Observability¶

Colony provides built-in distributed observability for long-running multi-agent sessions. Both traces (structured span data) and logs (standard Python logging) are durably persisted via Kafka and PostgreSQL, enabling post-mortem debugging even after agents have stopped.

Architecture¶

Traces¶

Traces capture structured execution spans (LLM calls, agent steps, tool invocations) with parent-child relationships, token counts, and timing data. See the AgentTracingFacility for details.

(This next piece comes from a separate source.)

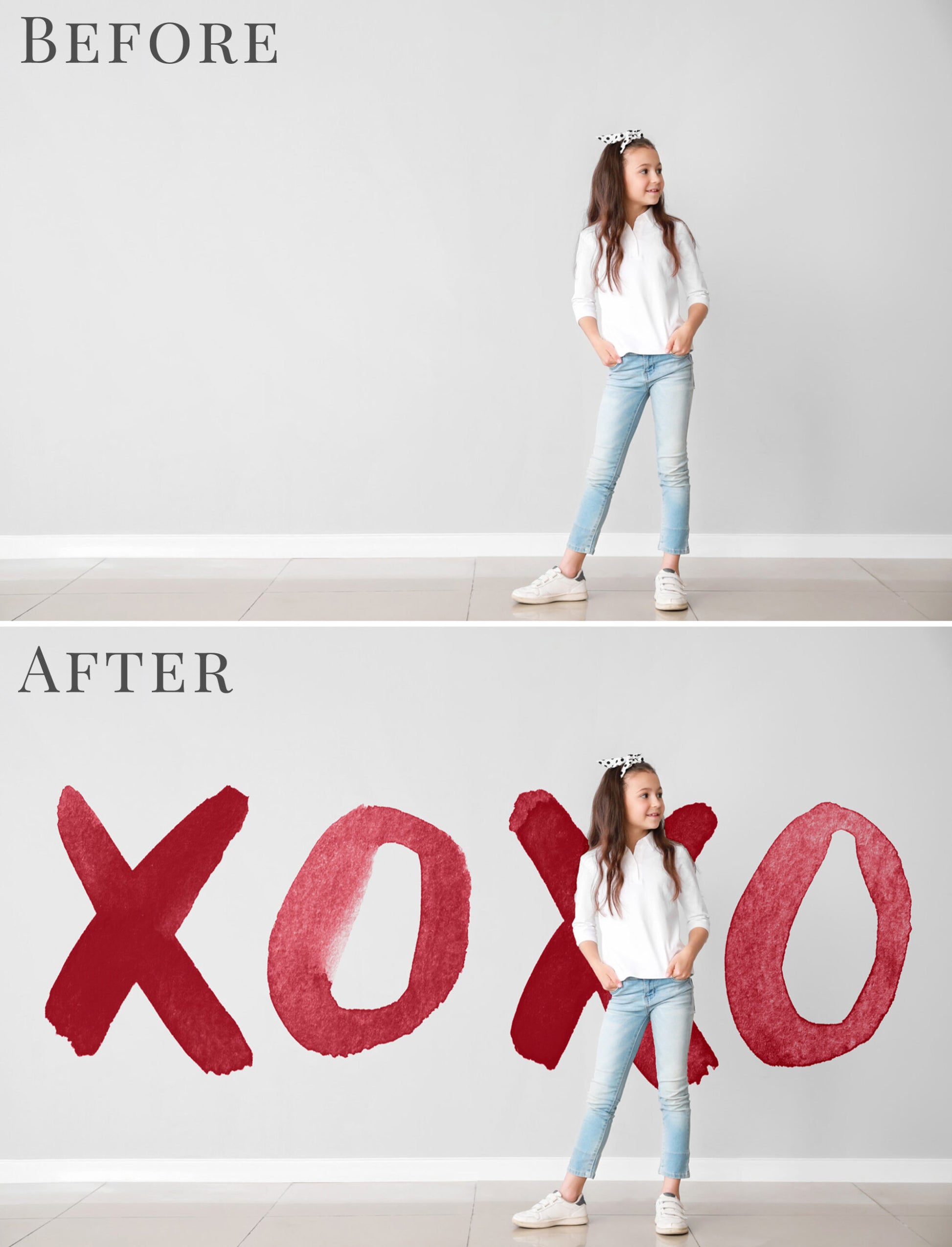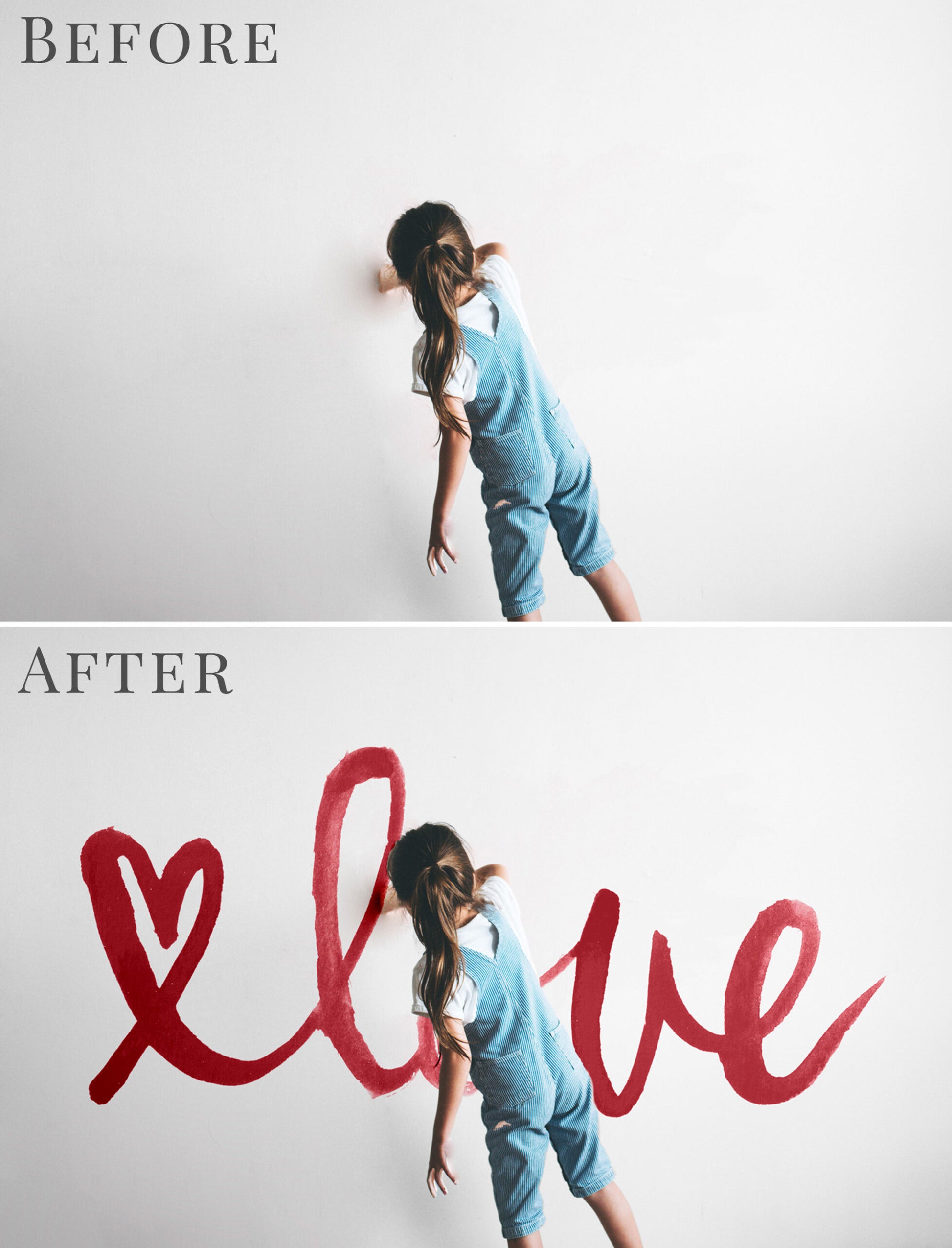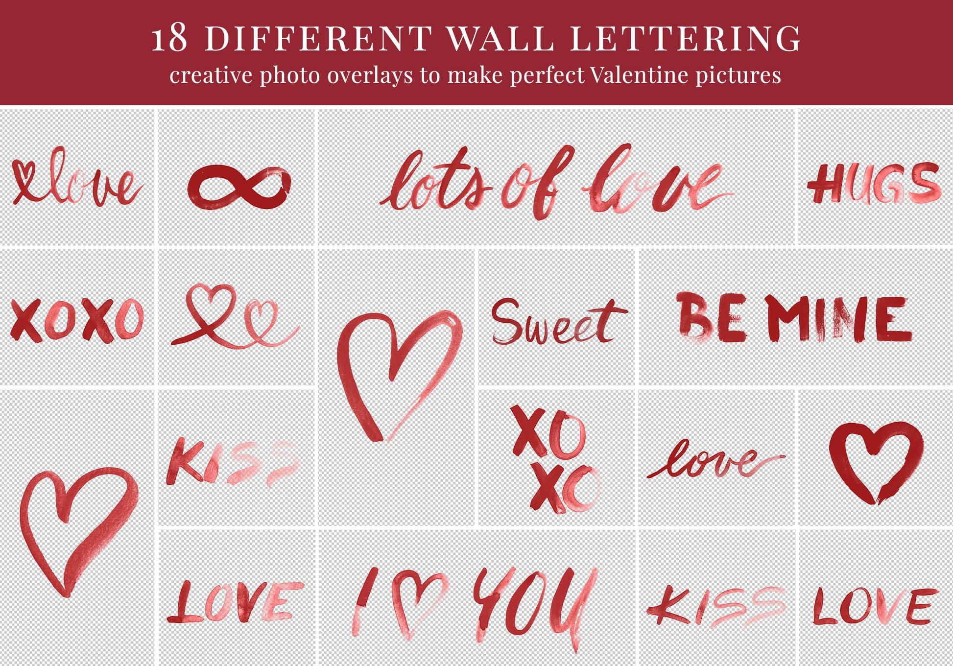 Create playful, romantic and creative Valentine photos with this set of 18 unique wall photo overlays designed especially for photographers working with children.
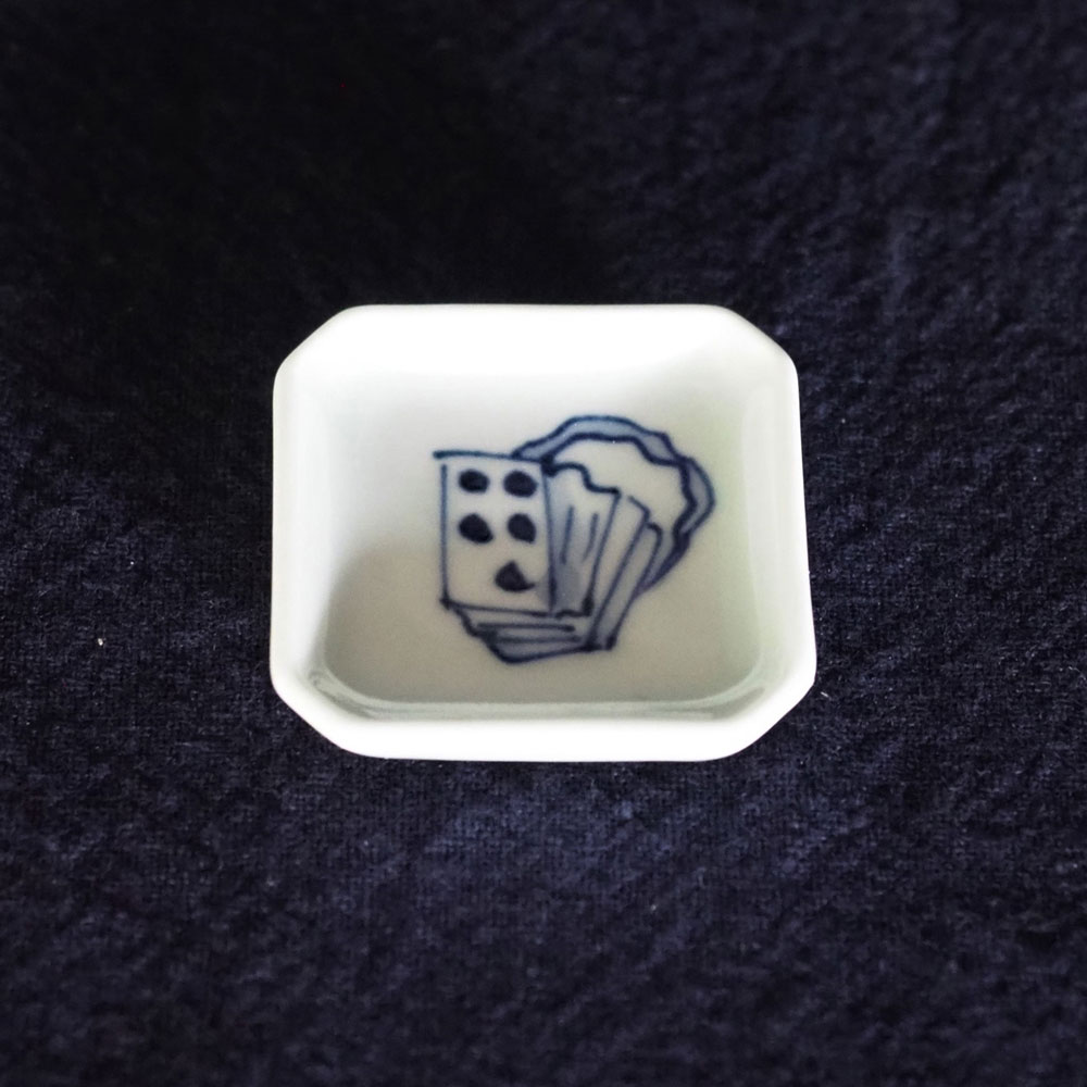 ハーモニー アコーテ゛ィオン角豆皿 青花 有田焼

Pipeline: AgentTracingFacility → SpanProducer → Kafka (colony.spans) → SpanConsumer → PostgreSQL spans table → SpanQueryStore → Dashboard Traces tab.

Logs¶

Every Python log record emitted under the polymathera.colony namespace is captured, enriched with execution context, and durably stored.

How it works¶

KafkaLogHandler — A standard Python logging.Handler attached to the polymathera.colony root logger during deployment initialization. It intercepts all log records without requiring changes to existing log calls.
Context enrichment — Each log record is enriched with the current ExecutionContext (tenant_id, colony_id, session_id, run_id, trace_id) when available. This enables filtering logs by session or correlating them with traces.
Async batching — Log records are queued in-process and flushed to Kafka asynchronously in batches (default: 50 records every 2 seconds). The emit() method never blocks the caller.
LogConsumer — Runs in the dashboard backend container. Reads from the colony.logs Kafka topic and batch-inserts into PostgreSQL.
LogQueryStore — Provides filtered, paginated queries over persisted logs:
Filter by session, run, trace, actor class, log level
Full-text search in messages (case-insensitive)
Time range queries
Aggregate statistics (error counts, actor summaries)

Querying logs¶

The dashboard exposes persistent log endpoints:

GET /api/v1/logs/persistent?session_id=X&level=WARNING&limit=100
GET /api/v1/logs/persistent?run_id=Y&search=timeout
GET /api/v1/logs/persistent?actor_class=StandaloneAgentDeployment&since=1712000000
GET /api/v1/logs/persistent/stats?session_id=X
GET /api/v1/logs/persistent/actors

These work even after the application stops — logs are durably stored in PostgreSQL as long as the dashboard and database containers are running.

Log record schema¶

Each log record stored in PostgreSQL contains:

Field	Type	Description
`log_id`	TEXT	Unique identifier
`timestamp`	TIMESTAMPTZ	When the log was emitted
`level`	TEXT	DEBUG, INFO, WARNING, ERROR, CRITICAL
`logger_name`	TEXT	Python logger name (e.g., `polymathera.colony.agents.base`)
`message`	TEXT	Log message
`module`	TEXT	Python module name
`func_name`	TEXT	Function that emitted the log
`line_no`	INTEGER	Source line number
`pid`	INTEGER	Process ID
`actor_class`	TEXT	Deployment class name (e.g., `StandaloneAgentDeployment`)
`node_id`	TEXT	Ray node ID
`tenant_id`	TEXT	Tenant ID (from execution context)
`colony_id`	TEXT	Colony ID (from execution context)
`session_id`	TEXT	Session ID (from execution context)
`run_id`	TEXT	Run ID (from execution context)
`trace_id`	TEXT	Trace ID (for correlation with spans)
`exc_info`	TEXT	Exception traceback if present

Indexes¶

Logs are indexed for fast queries on common access patterns:

(session_id, timestamp DESC) — all logs for a session, newest first
(run_id, timestamp DESC) — all logs for a specific run
(actor_class, timestamp DESC) — all logs from a deployment type
(level, timestamp DESC) — find errors/warnings quickly
(trace_id, timestamp DESC) — correlate logs with traces
(timestamp DESC) — global time-ordered access

Setup¶

The log pipeline is automatic. When KAFKA_BOOTSTRAP is set in the environment (which it is in all Docker containers), every deployment attaches the KafkaLogHandler during initialization. No configuration required.

To disable the log pipeline, unset the KAFKA_BOOTSTRAP environment variable.

Infrastructure requirements¶

Both traces and logs require:

Kafka — Message broker for reliable delivery and replay
PostgreSQL — Durable storage and indexed queries
Dashboard container — Runs the Kafka consumers that sink to PostgreSQL

All three are included in the default colony-env Docker Compose setup.